▸ **What you should do**:
The material below includes pictures; leave them out and return only the lines between the line containing "Yulong, it is a kind of fishing gear." and the line containing "A Kawanishi H8K2", inclusive, word for word.

▸ **Source material**:
▼▼▼

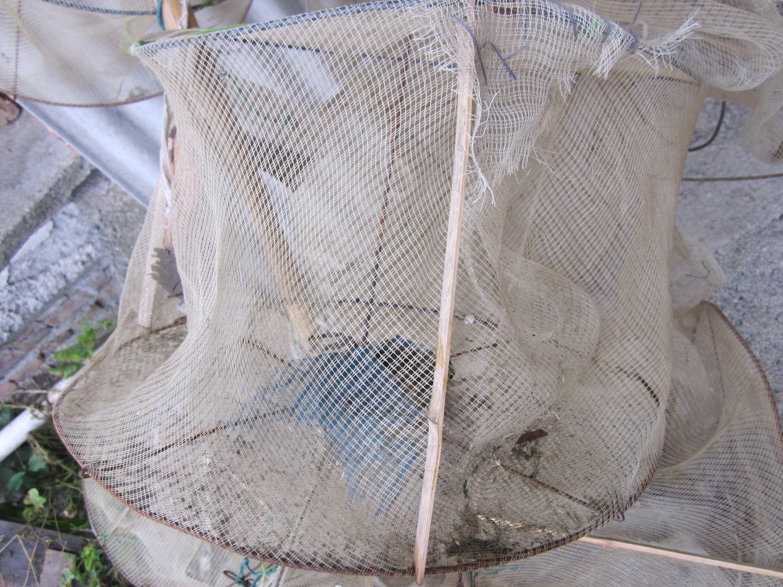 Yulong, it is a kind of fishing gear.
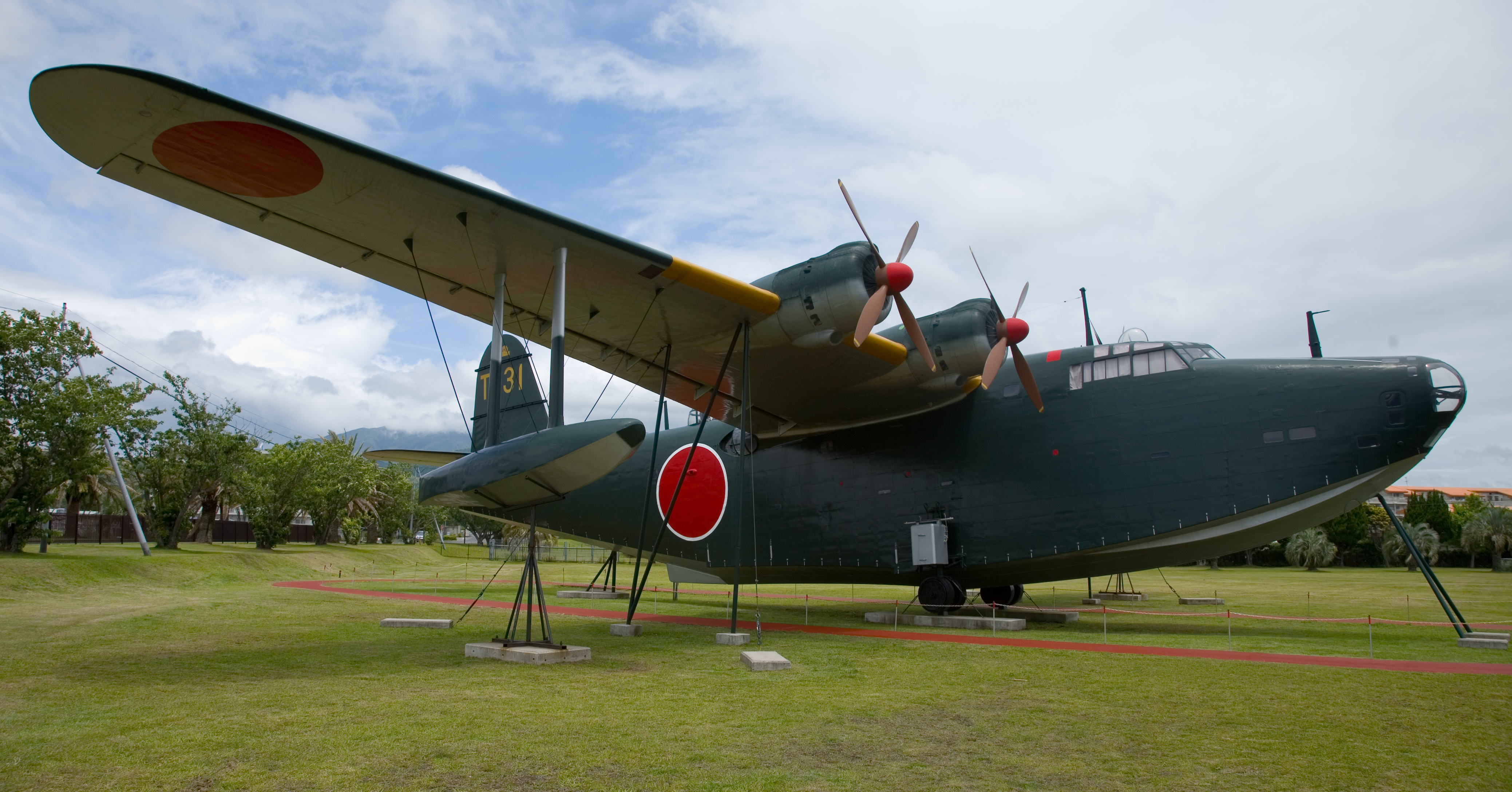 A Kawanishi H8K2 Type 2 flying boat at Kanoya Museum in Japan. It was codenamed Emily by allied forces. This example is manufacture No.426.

▲▲▲
▼▼▼

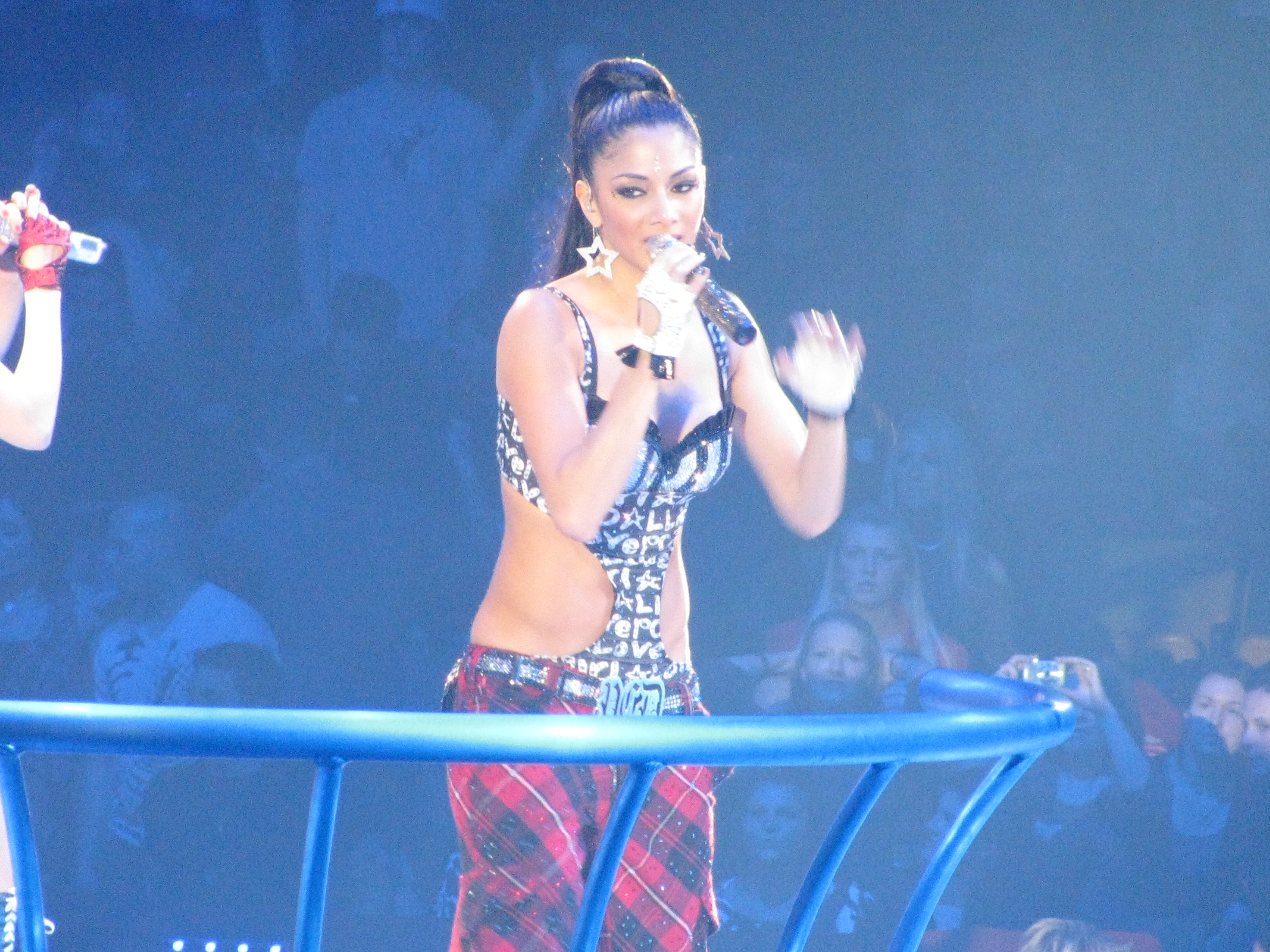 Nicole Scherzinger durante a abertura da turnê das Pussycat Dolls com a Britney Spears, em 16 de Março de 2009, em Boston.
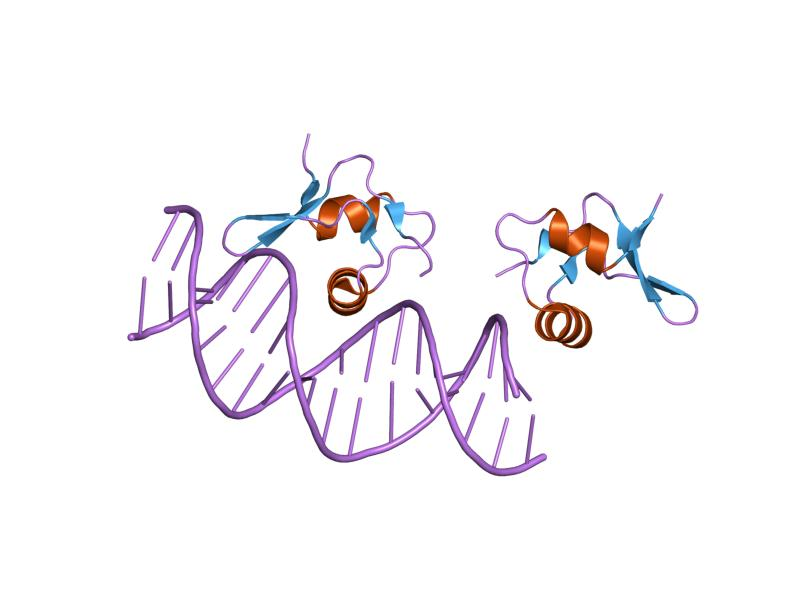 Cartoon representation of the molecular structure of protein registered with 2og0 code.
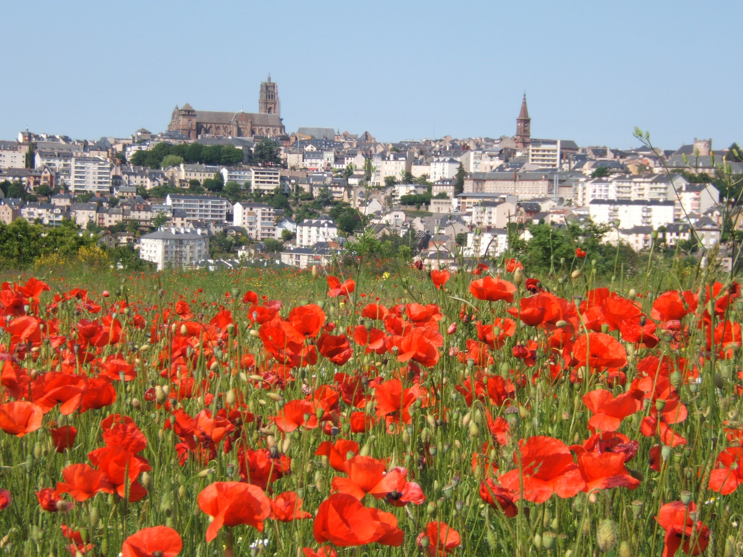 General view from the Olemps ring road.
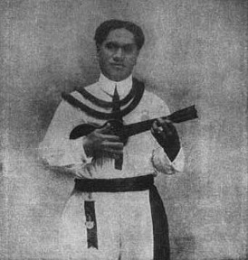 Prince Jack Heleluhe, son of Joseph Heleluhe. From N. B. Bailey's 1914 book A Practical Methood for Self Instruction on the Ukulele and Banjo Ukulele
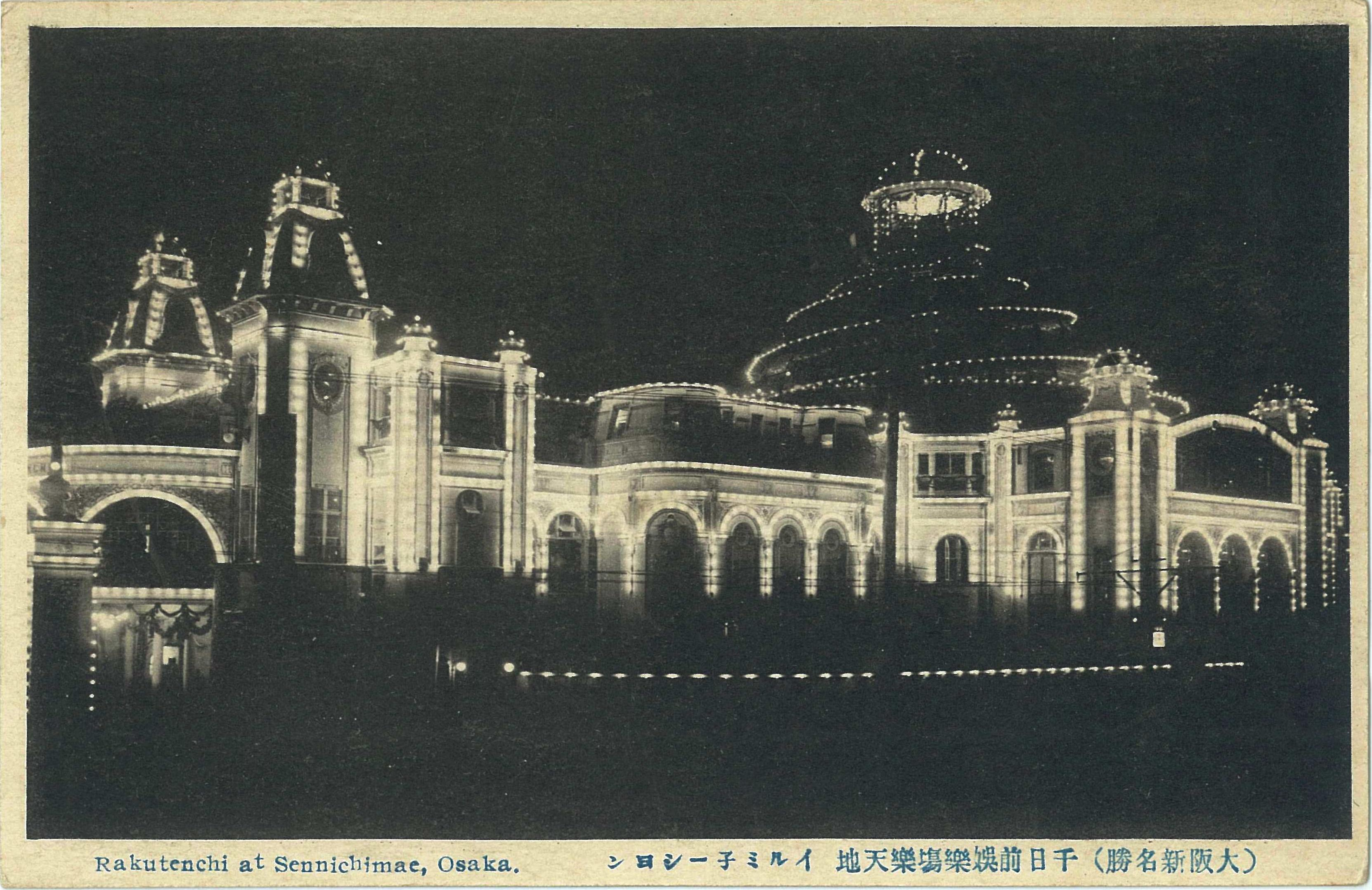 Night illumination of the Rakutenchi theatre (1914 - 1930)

▲▲▲

▸ **Your response**:
 Yulong, it is a kind of fishing gear.
 A Kawanishi H8K2 Type 2 flying boat at Kanoya Museum in Japan. It was codenamed Emily by allied forces. This example is manufacture No.426.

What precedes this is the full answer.